ASSIGNED TASK. Word for word, repeat the lines of the records from the first line up to and including the line that contains "牛在十二地支中以地支為「丑」", passing over any pictures.

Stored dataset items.
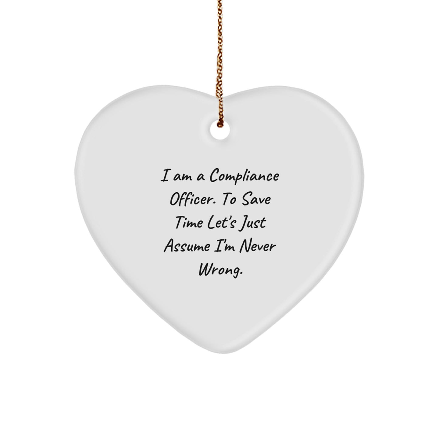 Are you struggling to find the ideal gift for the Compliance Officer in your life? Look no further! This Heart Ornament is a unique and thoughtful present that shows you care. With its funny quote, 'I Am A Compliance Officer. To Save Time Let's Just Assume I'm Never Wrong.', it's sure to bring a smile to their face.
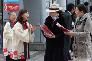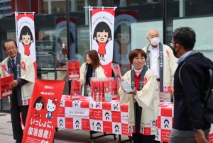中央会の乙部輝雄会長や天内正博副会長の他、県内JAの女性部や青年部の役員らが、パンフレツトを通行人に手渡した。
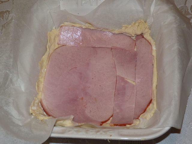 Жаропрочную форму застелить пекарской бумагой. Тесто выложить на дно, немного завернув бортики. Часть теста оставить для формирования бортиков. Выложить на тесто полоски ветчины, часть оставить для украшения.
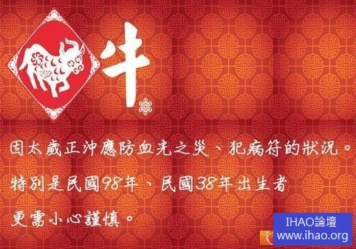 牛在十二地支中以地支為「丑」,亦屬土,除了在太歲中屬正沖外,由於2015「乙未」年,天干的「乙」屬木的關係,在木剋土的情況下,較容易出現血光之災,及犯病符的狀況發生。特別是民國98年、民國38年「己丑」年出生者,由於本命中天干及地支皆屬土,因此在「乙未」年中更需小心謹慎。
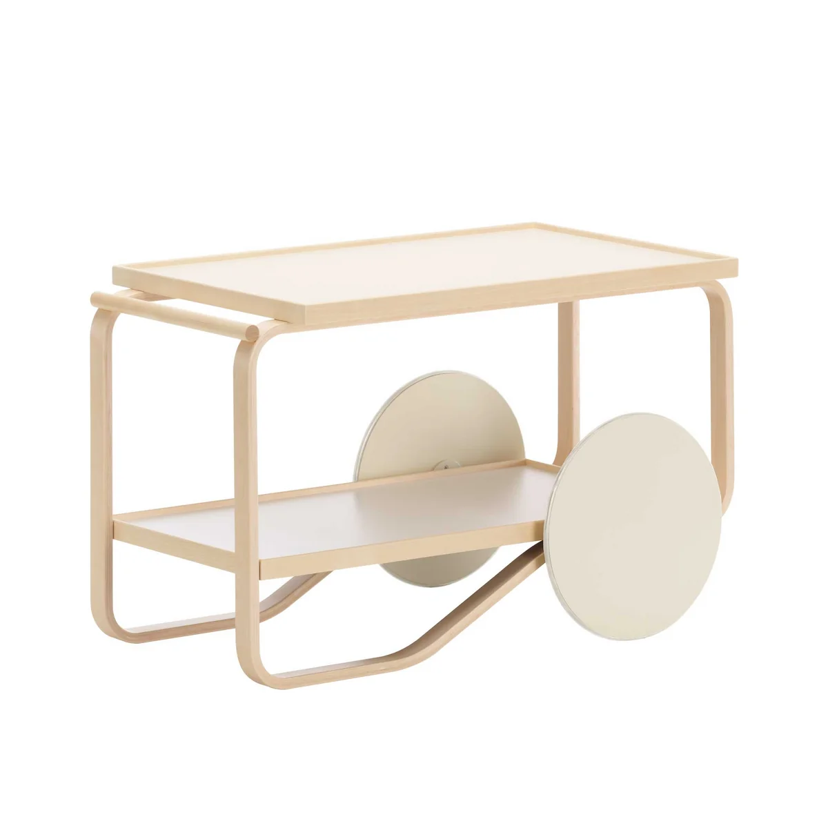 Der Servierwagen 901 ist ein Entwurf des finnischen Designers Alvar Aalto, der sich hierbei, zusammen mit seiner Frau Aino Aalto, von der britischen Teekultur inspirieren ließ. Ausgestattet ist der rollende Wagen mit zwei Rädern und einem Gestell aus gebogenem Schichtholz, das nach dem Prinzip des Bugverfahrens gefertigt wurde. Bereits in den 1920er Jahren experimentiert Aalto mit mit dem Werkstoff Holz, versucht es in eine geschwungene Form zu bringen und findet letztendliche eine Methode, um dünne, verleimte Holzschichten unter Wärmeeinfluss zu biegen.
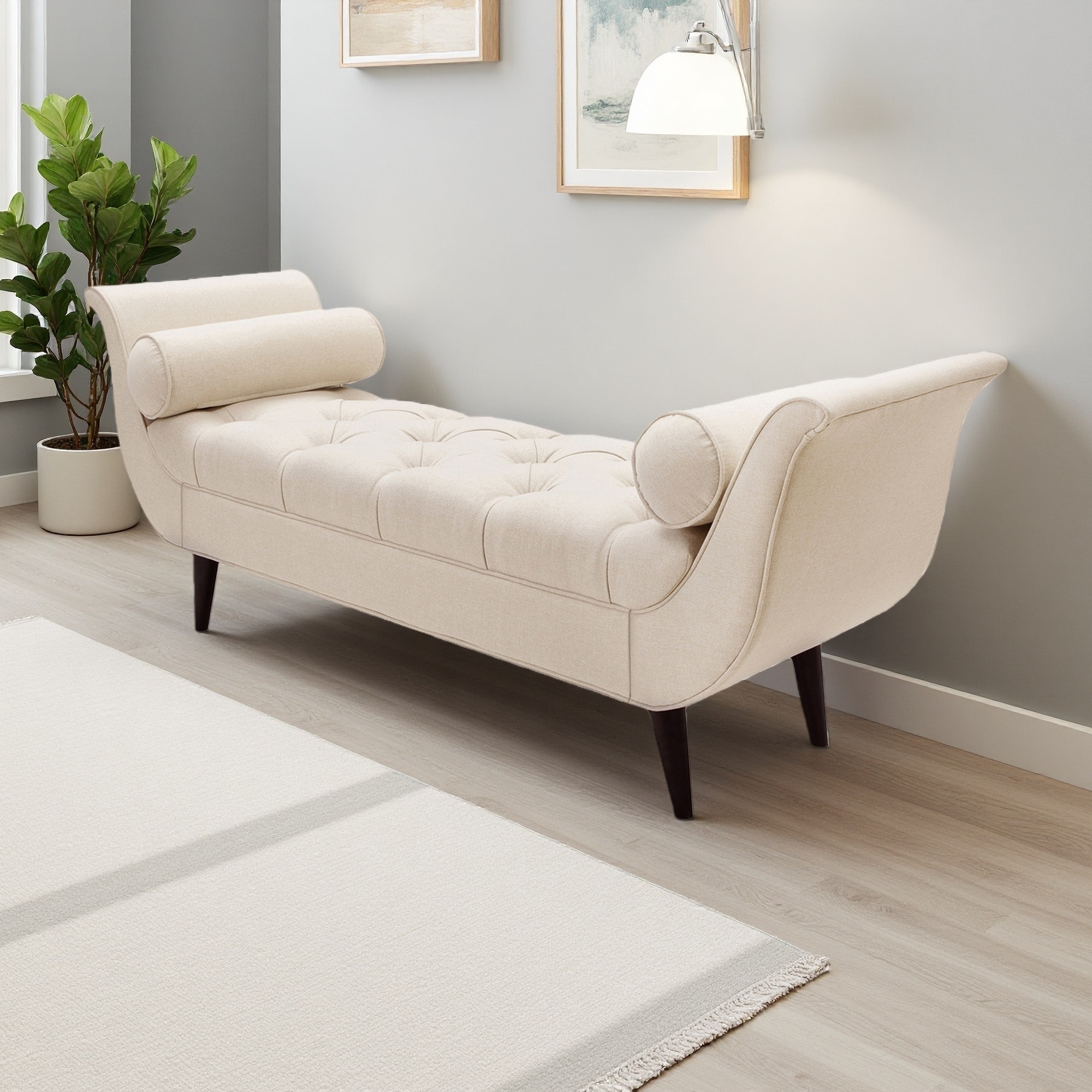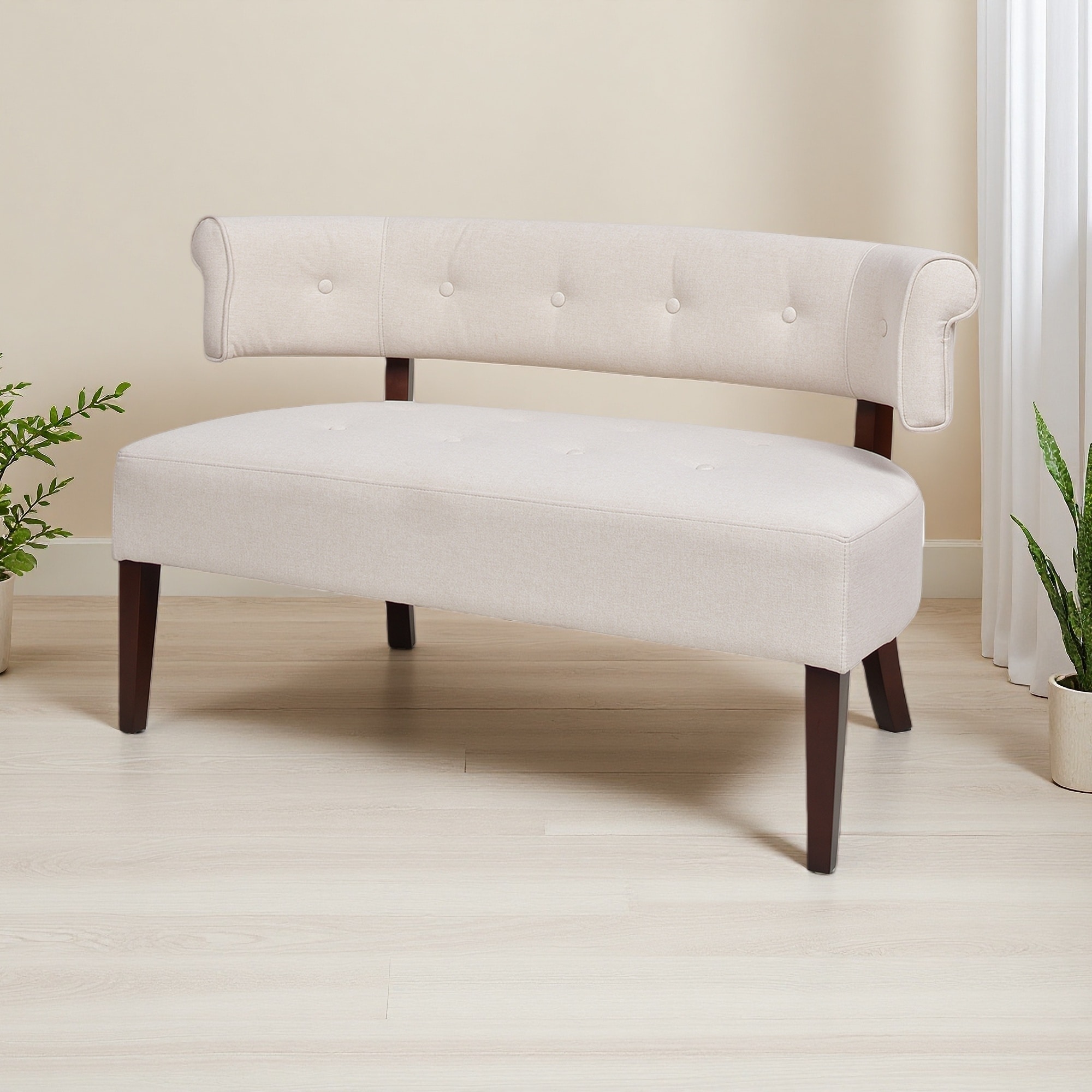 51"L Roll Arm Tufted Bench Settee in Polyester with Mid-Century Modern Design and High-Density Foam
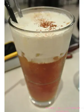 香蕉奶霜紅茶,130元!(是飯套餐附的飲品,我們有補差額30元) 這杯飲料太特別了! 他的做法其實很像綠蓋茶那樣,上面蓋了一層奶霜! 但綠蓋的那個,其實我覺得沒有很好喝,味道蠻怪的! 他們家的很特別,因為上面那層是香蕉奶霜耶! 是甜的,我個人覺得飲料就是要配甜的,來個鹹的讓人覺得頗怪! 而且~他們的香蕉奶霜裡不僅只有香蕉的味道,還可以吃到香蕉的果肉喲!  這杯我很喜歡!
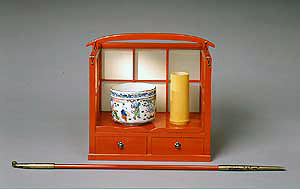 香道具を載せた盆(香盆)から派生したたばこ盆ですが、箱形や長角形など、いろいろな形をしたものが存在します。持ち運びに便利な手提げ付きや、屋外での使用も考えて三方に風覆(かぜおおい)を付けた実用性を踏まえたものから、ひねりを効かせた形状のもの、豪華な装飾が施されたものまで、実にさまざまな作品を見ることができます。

REPLY TO THE TASK.
 Are you struggling to find the ideal gift for the Compliance Officer in your life? Look no further! This Heart Ornament is a unique and thoughtful present that shows you care. With its funny quote, 'I Am A Compliance Officer. To Save Time Let's Just Assume I'm Never Wrong.', it's sure to bring a smile to their face.
中央会の乙部輝雄会長や天内正博副会長の他、県内JAの女性部や青年部の役員らが、パンフレツトを通行人に手渡した。
 Жаропрочную форму застелить пекарской бумагой. Тесто выложить на дно, немного завернув бортики. Часть теста оставить для формирования бортиков. Выложить на тесто полоски ветчины, часть оставить для украшения.
 牛在十二地支中以地支為「丑」,亦屬土,除了在太歲中屬正沖外,由於2015「乙未」年,天干的「乙」屬木的關係,在木剋土的情況下,較容易出現血光之災,及犯病符的狀況發生。特別是民國98年、民國38年「己丑」年出生者,由於本命中天干及地支皆屬土,因此在「乙未」年中更需小心謹慎。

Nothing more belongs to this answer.